Ce que j’aime chez elle, c’est qu’elle amène le métier de créatrice très loin. C’est une chose d’être doué pour ce que l’on fait, c’en est une autre d’innover constamment comme elle le fait.
(4) La chanteuse vient de sortir son dernier album, Visions (4AD/Naïve).
Anne Valérie Hash et Joséphine de La Baume
Madame Figaro. – Pourquoi êtes-vous devenue créatrice de mode ?
Par passion, sans me poser de question.
Présentez-nous votre muse…
Joséphine est une femme moderne, légère, solaire. Elle a un esprit lumineux et iridescent qui s’accorde avec l’esprit de mes vêtements. J’aime sa musique, son humour et son énergie positive.
Votre vision de la femme 2013 ?
Une femme douce et énergique, qui bouge et qui sait ce qu’elle veut.
Être une femme et créer pour des femmes, cela influence-t-il vos créations ?
Je ne fantasme pas sur la femme comme certains créateurs. Je crée pour les filles contrariées ou heureuses, espiègles ou boudeuses, rieuses ou jalouses, sexy ou rêveuses. Je sais combien chaque moment dans la vie d’une femme peut changer, et cela guide aussi mes créations car je la comprends de l’intérieur. Elle n’est pas pour moi juste une figurine de mode.
Comment conciliez-vous votre vie de femme et le rythme trépidant de la mode ?

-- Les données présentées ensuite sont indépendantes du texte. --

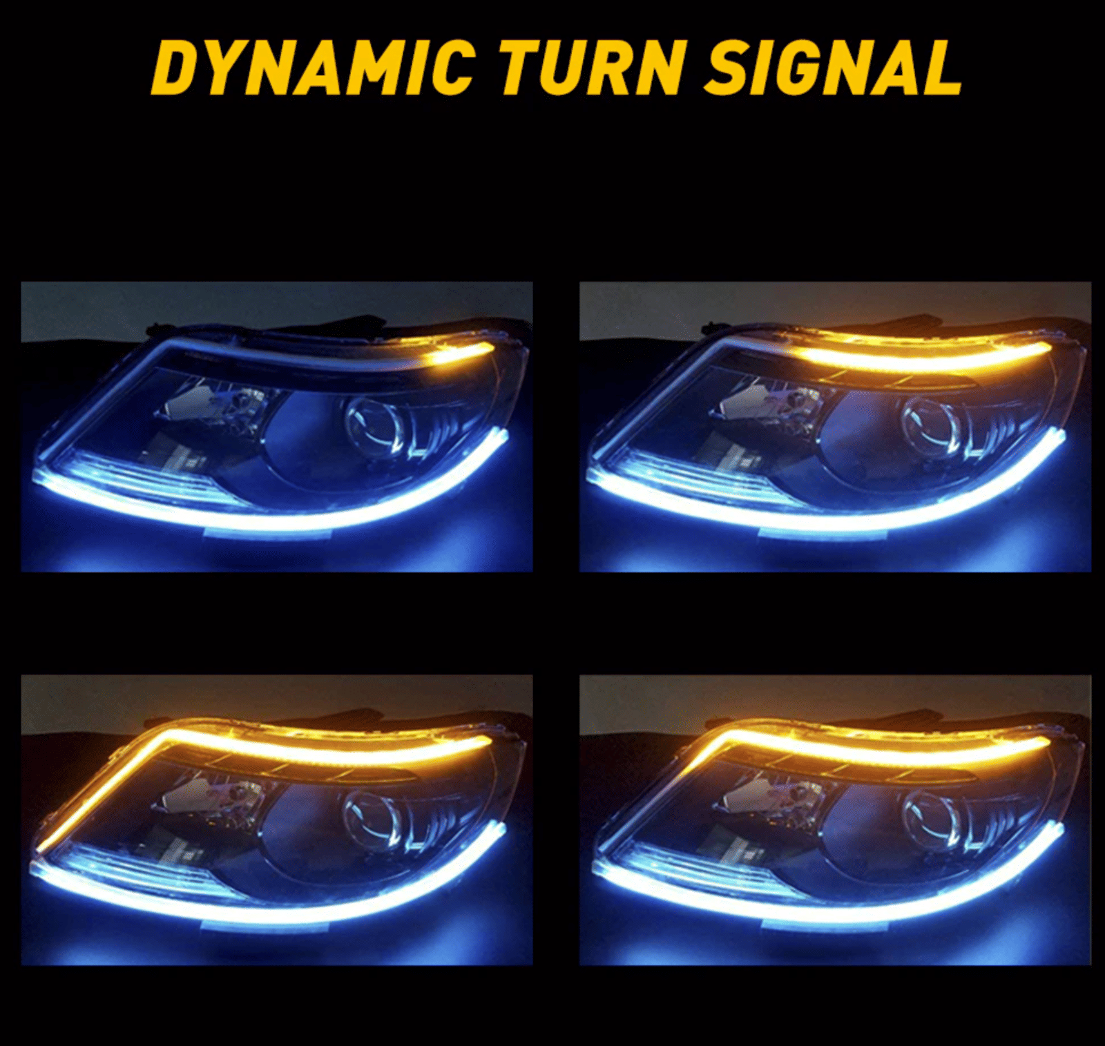 With 156 high-quality LEDS, the LED strip can output two different colors of light, Cool white and yellow, which can be used as a DRL and turn signal light. When the car is driving normally, the Cool white light is on. When the car is turning, the Cool white light will turn into yellow light.
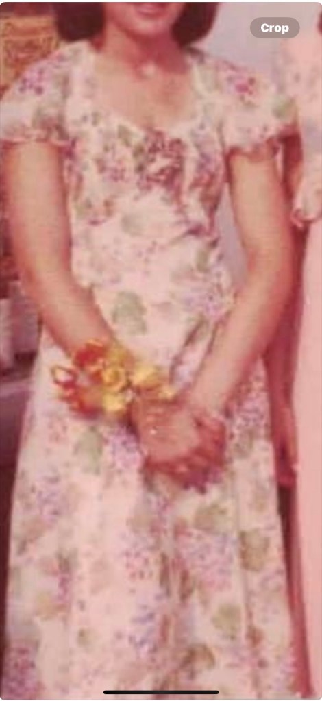 Very 1975 au courant. Check out the groovy, clashing corsage on my wrist. Who picked -that- out?!
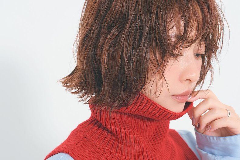 顔まわりにかかる毛束や前髪の透け感など戦略的にリフトアップ効果を狙いたい。顔の見え方がひし形になるよう前髪は長め&スキマを意識してつくり、顔まわりのレイヤーへつなげて入れる。さらに毛先を逃がしたパーマでシャープ感もオン。カットとパーマでウエイトを上げるから、首もながーく。
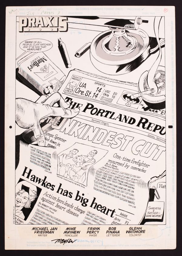 A fantastic title page full of detail and perfectly fitting for the more grounded, gritty story that follows telekinetic cop Jason Praxis as he tries to stop a serial killer. Also included is a copy of the published issue. Signed in bottom margin by the artists. Pencil, ink, and screentone with title stat on DC Comics art board. 11 1/2" x 16 1/2", B&W.
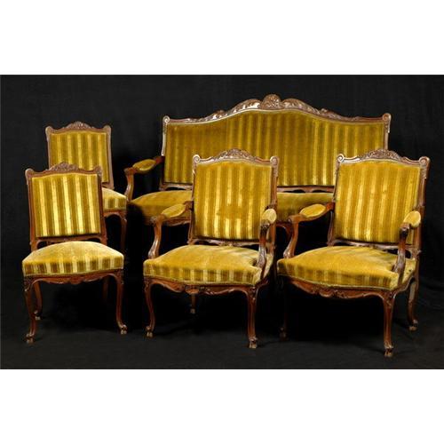 A 19th C. Louis XV St. set of one sofa, two chairs and two armchairs made of walnut. Possibility of splitting up the set.
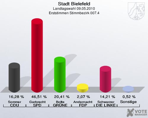 Stadt Bielefeld, Landtagswahl 09.05.2010, Erststimmen Stimmbezirk 007.4: Sommer CDU: 16,28 %. Garbrecht SPD: 46,51 %. Bolte GRÜNE: 20,41 %. Andernacht FDP: 2,07 %. Schwarzer DIE LINKE: 14,21 %. Sonstige: 0,52 %. http://www.votemanager.de
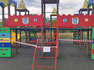 После несчастного случая с ребенком и вмешательства прокуратуры детские площадки и качели в парке Победы «опечатали».
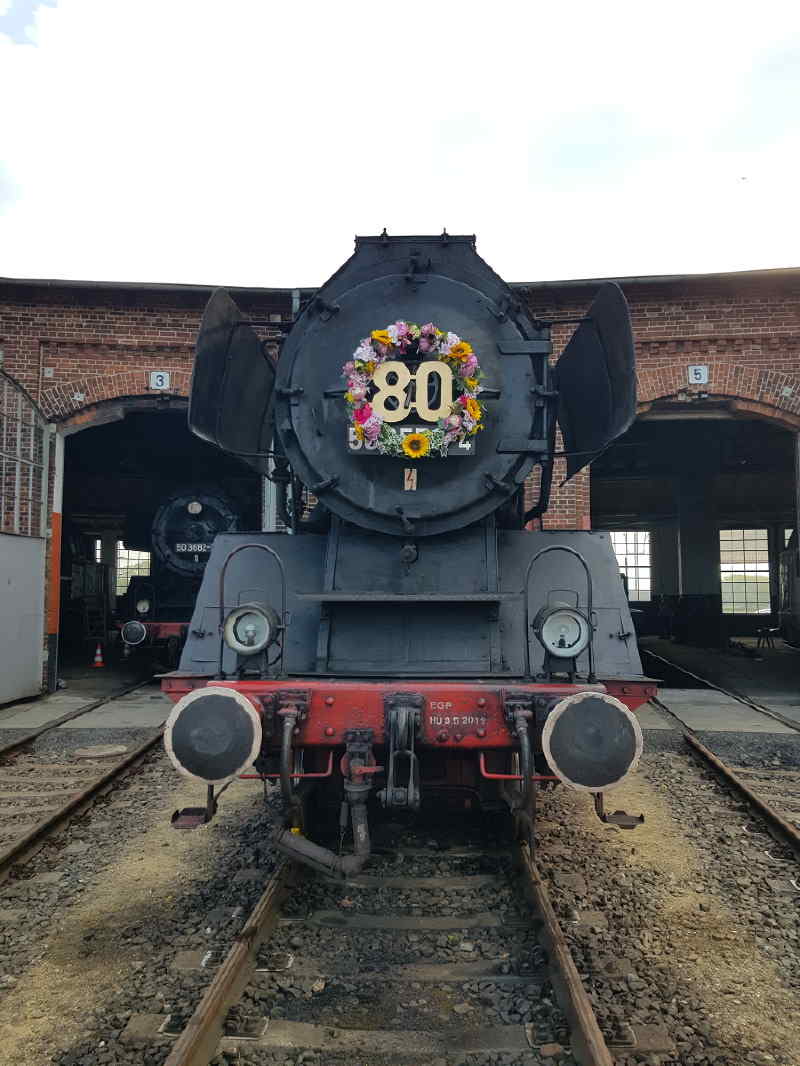 Bei der Dampflok "Pritzwalk" handelt es sich um eine Rangierlokomotive aus dem Hause Henschel, Kassel, die im Jahr 1912 unter der Fabriknummer 10802 gebaut wurde. Die Firma Henschel hatte seinerzeit einige Standardlokomotivtypen im Angebot, die sie nach den Einsatzorten der ersten Modelle des jeweiligen Typs benannte. Bei der "Pritzwalk" handelt es sich um eine Lok des Modells "Riebeck". Die Riebeckschen Montanwerke waren bis 1922 in der mitteldeutschen Braunkohleindustrie tätig und bestellten eben die ersten Schwestern der "Pritzwalk" als Rangierloks für ihre Werksanlagen. Die Lok "Pritzwalk" wurde an die Frankfurter Gasgesellschaft geliefert, die sie als Rangierlok in einem Werk zur Gewinnung von Stadtgas in Frankfurt einsetzte. Das Gas wurde seinerzeit aus Steinkohle gewonnen, die per Schiene angeliefert wurde. Nach der Entgasung blieb unter anderem Koks übrig, der per Schiene auch wieder abgefahren wurde. Für die Bereitstellung der entsprechenden Güterwagen wurde die "Pritzwalk" benötigt, die seinerzeit allerdings diesen Namen noch nicht trug. 1971 wurde die Lok abgestellt und an einen Autokran-Dienst in der Nähe von Frankfurt/M. verkauft, der sie als Denkmal aufstellen wollte. Der Plan wurde jedoch 1979 verworfen und die Lok wurde nach Wuppertal-Barmen verkauft, wo sie fortan als Blickfang vor einem Modellbahngeschäft stand. 1999 erwarb die Prignitzer Eisenbahn die Lok und ließ sie später aufarbeiten. Im Jahre 2004 erfolgten die ersten Probefahrten. Allerdings kam sie nachher nur in Ausnahmefällen zum Einsatz. Anlässlich des 25-jährigen Jubiläums des Vereins Dampflokfreunde Salzwedel e.V., des Trägervereins des Historischen Lokschuppens Wittenberge, wurde die Lok im Oktober 2019 nach Wittenberge transportiert und seit langer Zeit einmal wieder der Öffentlichkeit im Betrieb vorgeführt. |
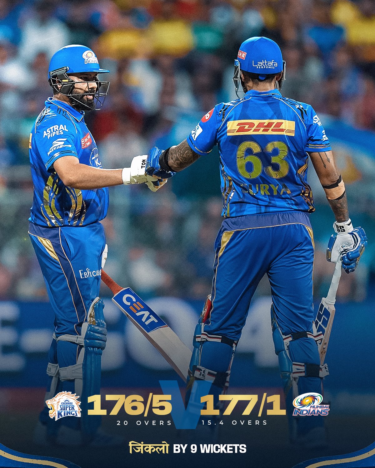 रोहित शर्मा के बल्ले से निकले रन और फिर जीत गई MI, CSK को 9 विकेट से हराया
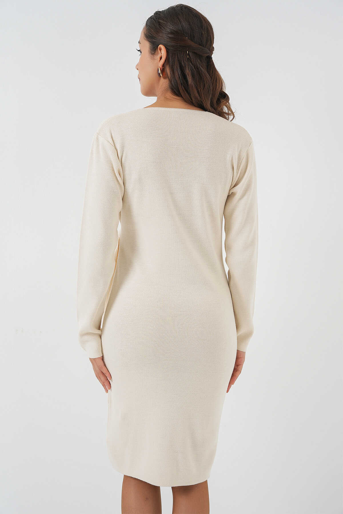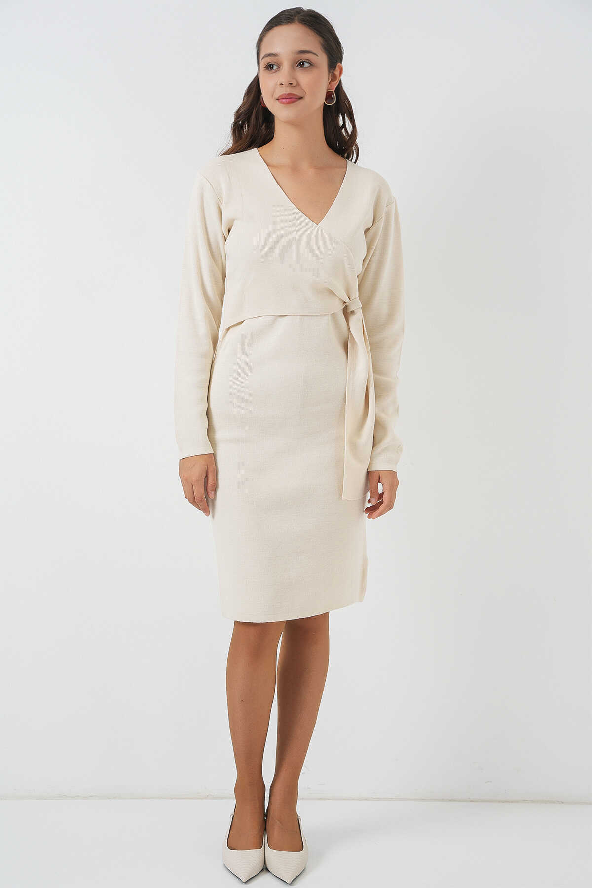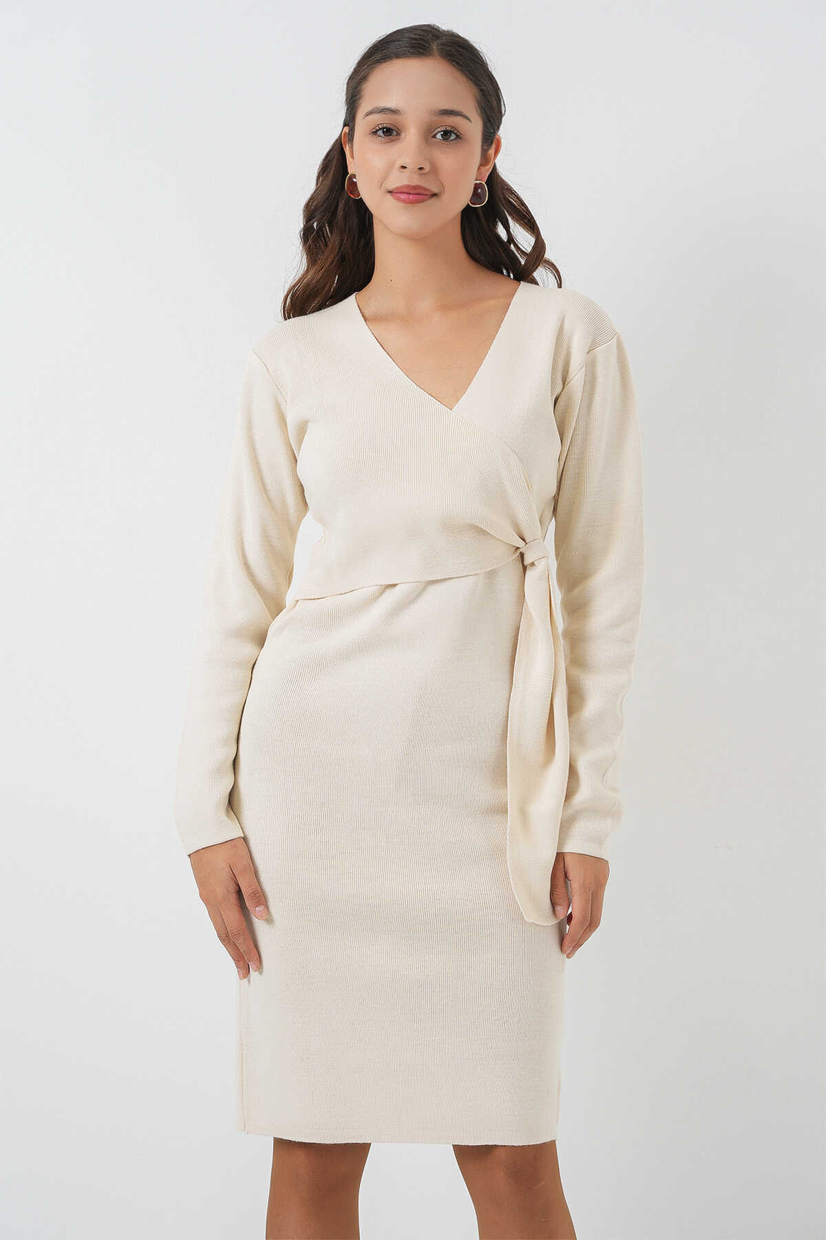 Kadin Kruvaze Yaka Triko Elbise
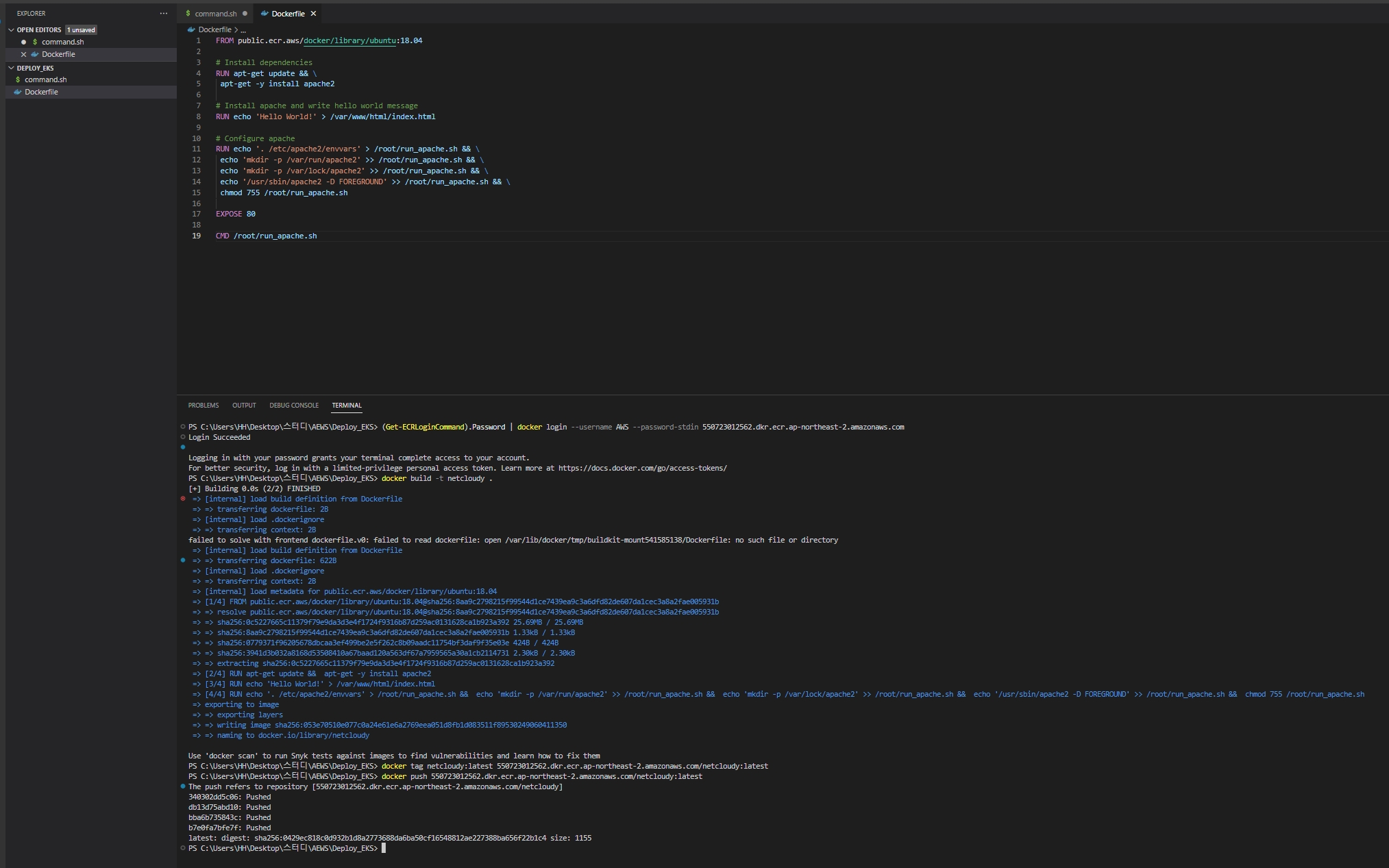 Private ECR 로그인 및 Dockerfile이 준비가 됐으면, 아래와 같이 작업한다.
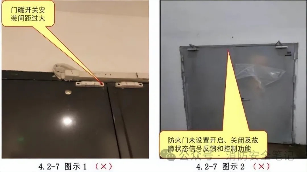問題描述: 1)防火門監(jiān)控系統(tǒng)門磁開關(guān)安裝間距過大;【圖示1]2)按規(guī)范規(guī)定的具有信號反饋功能的防火門無開啟、關(guān)閉及故障狀態(tài)信號反饋和控制功能。[圖示2]
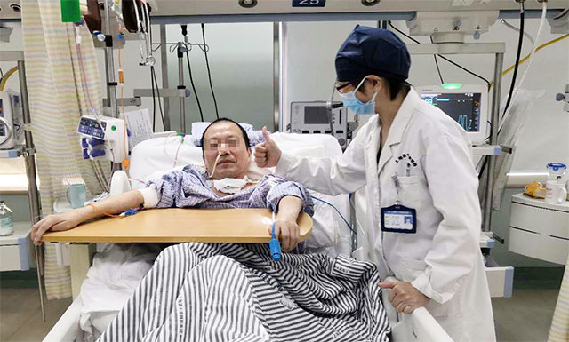 ▲ 患者恢復(fù)“自主呼吸”,李魯萍豎起大拇指
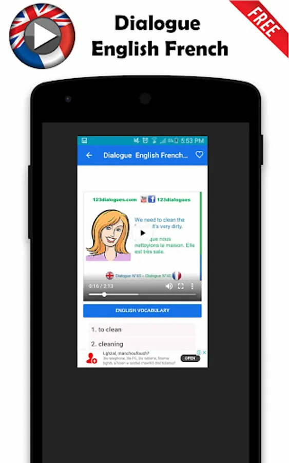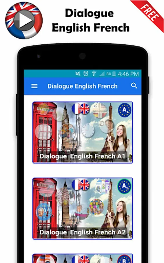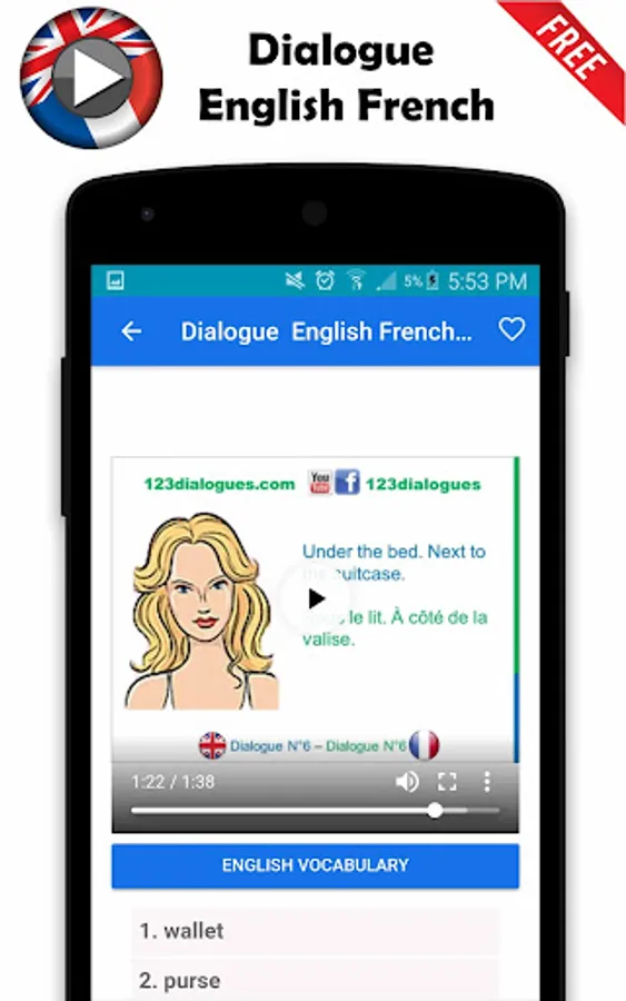 Come and learn french and english with this app fr-eng free. French and English courses for beginners and students you can learn new skills in the world of employment - speaking French or English is an asset to increase your chances on the international job market Or to travel , Dialogue English French age and birthdays , Dialogue English French Love and Marriage and get to know each other

J’aime ma famille et j’adore mon travail, mais concilier les deux est difficile. Il est impératif d’avoir une bonne organisation à la maison et au bureau, avec des personnes de confiance. Heureusement, j’ai une mère formidable qui m’aide énormément.
Quelles femmes vous inspirent ?
Les grandes avocates ou femmes médecins qui arrivent à mener leur carrière de front avec leur vie privée. Et toutes les femmes qui ont donné la vie… à des enfants ou à des projets.
Anne Valérie Hash et Joséphine de La Baume.Photo Myriam Roehri
Votre définition de l’élégance ?
C’est un exercice d’équilibre.
Vos inspirations pour la collection printemps-été 2013 ?
Ma collection s’appelle Electric Nude, avec pour référents la lumière, la peau, l’électricité, la transparence de l’eau, l’apesanteur. Les femmes sont comme des sirènes imaginaires, avec des vêtements structurés et proches du corps.
Joséphine de La Baume, chanteuse (5)
Qu’appréciez-vous chez Anne Valérie Hash ?
Elle raconte un conte moderne avec des couleurs de rêve. En même temps, sa silhouette est toujours graphique, jamais mièvre, avec un côté androgyne que j’affectionne particulièrement. Elle-même est une fée, intelligente et ambivalente, douce et forte, généreuse et ambitieuse.
(5) Actrice, mannequin et chanteuse. In Wonder est le premier album du groupe Singtank, qu’elle a monté avec son frère.